Based on these elements, and particularly private vehicles and fuel stoves, different measures are taken.

Restricting urban centers: removing cars from cities

The use of private vehicles is the major source of urban (and non-urban) air pollution practically everywhere in the world, except perhaps regions in which emissions from coal-fired power plants are not located near cities. How can cities remove cars?

A 2022 study conducted by Paula Kuss and Kimberly A. Nicholas summarized the 12 best initiatives to get cars out of cities, which included (1) including a pay-per-use urban charge, (2) replacing parking spaces with bike lanes and walkways and (3) restricting car entry.

These measures must be accompanied by pedestrian alternatives, cycling mobility and collective public transport options (if possible electric or hydrogen).

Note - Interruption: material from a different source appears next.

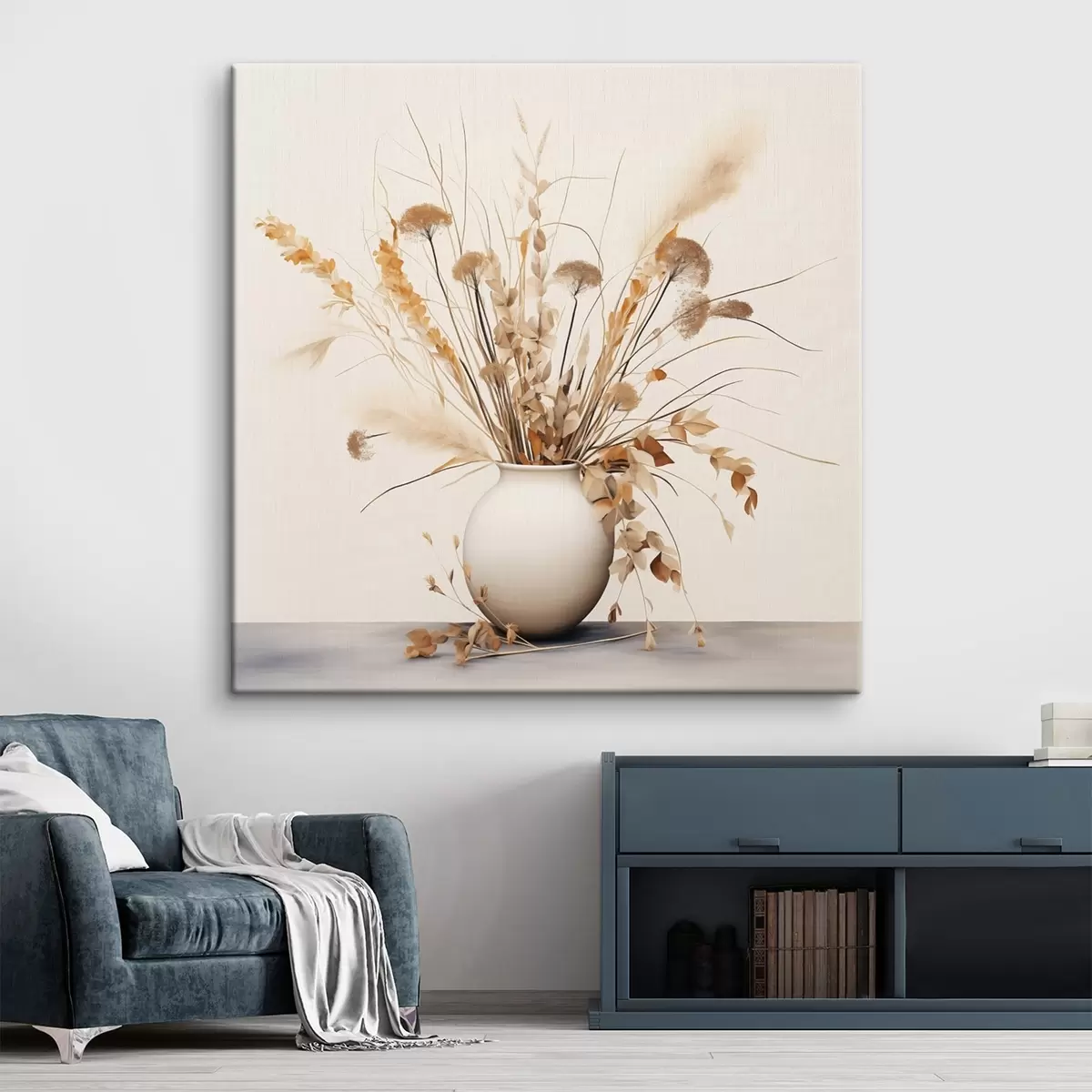 Maalid Kuivatatud rohu ja lillede komplekt valges vaasis Nr s44348

More plants, less fumes: how plants can function as a filter

air pollution 2

Increasing vegetation (not necessarily trees, but also trees) is one of the main objectives of towns and cities looking to improve quality of life in cities. Without being the panacea, plants do help to filter urban pollutants and reduce noise and thermal pollution.

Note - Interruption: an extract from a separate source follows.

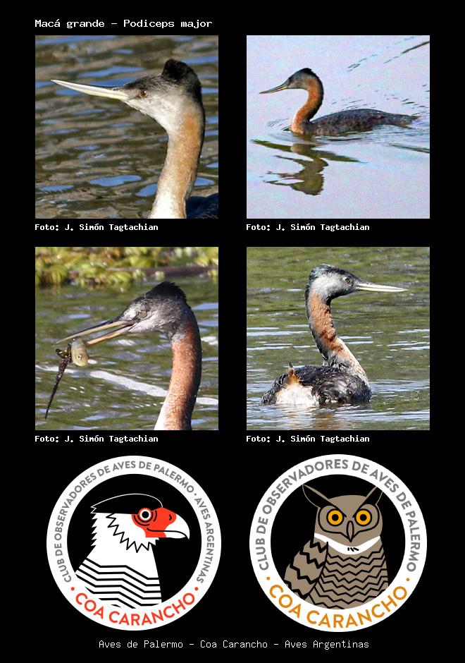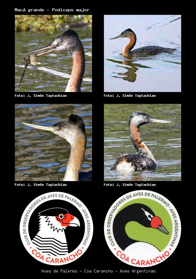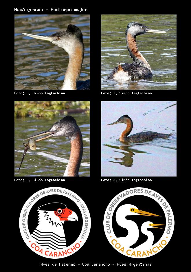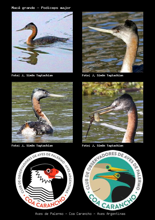 | Macá grande Great Grebe Podiceps major Familia: Podicipedidae Código: 1503 - Orden: 60 | ![]() J. Simón Tagtachian | ![]() J. Simón Tagtachian |

For them to be a success, green infrastructure strategies need to follow a strategic plan that connects the city’s green areas, reversing the current pattern of green islands in a sea of asphalt to gray islands in an ‘urban forest’.

Innovative materials and technologies that can be used in cities

Large-scale solar deployment in cities reduces or directly avoids the use of nearby industrial thermal plants, but also facilitates the change towards a heat pump electric heating system.

Permeable pavements also help when soil cannot be included as an air pollutant sink. In addition to these materials, local or zero kilometer agriculture can also help when certain chemicals are not used, helping to retain carbon.

In 2021, the WHO published new and stricter air quality guidelines, just for us to realize that air pollution was even more of a problem than we originally thought. The current objectives of cities include reducing some of the air pollutants to a minimum, many of which do not have a minimum safety level (they are harmful in any concentration). The decision making is more pressing.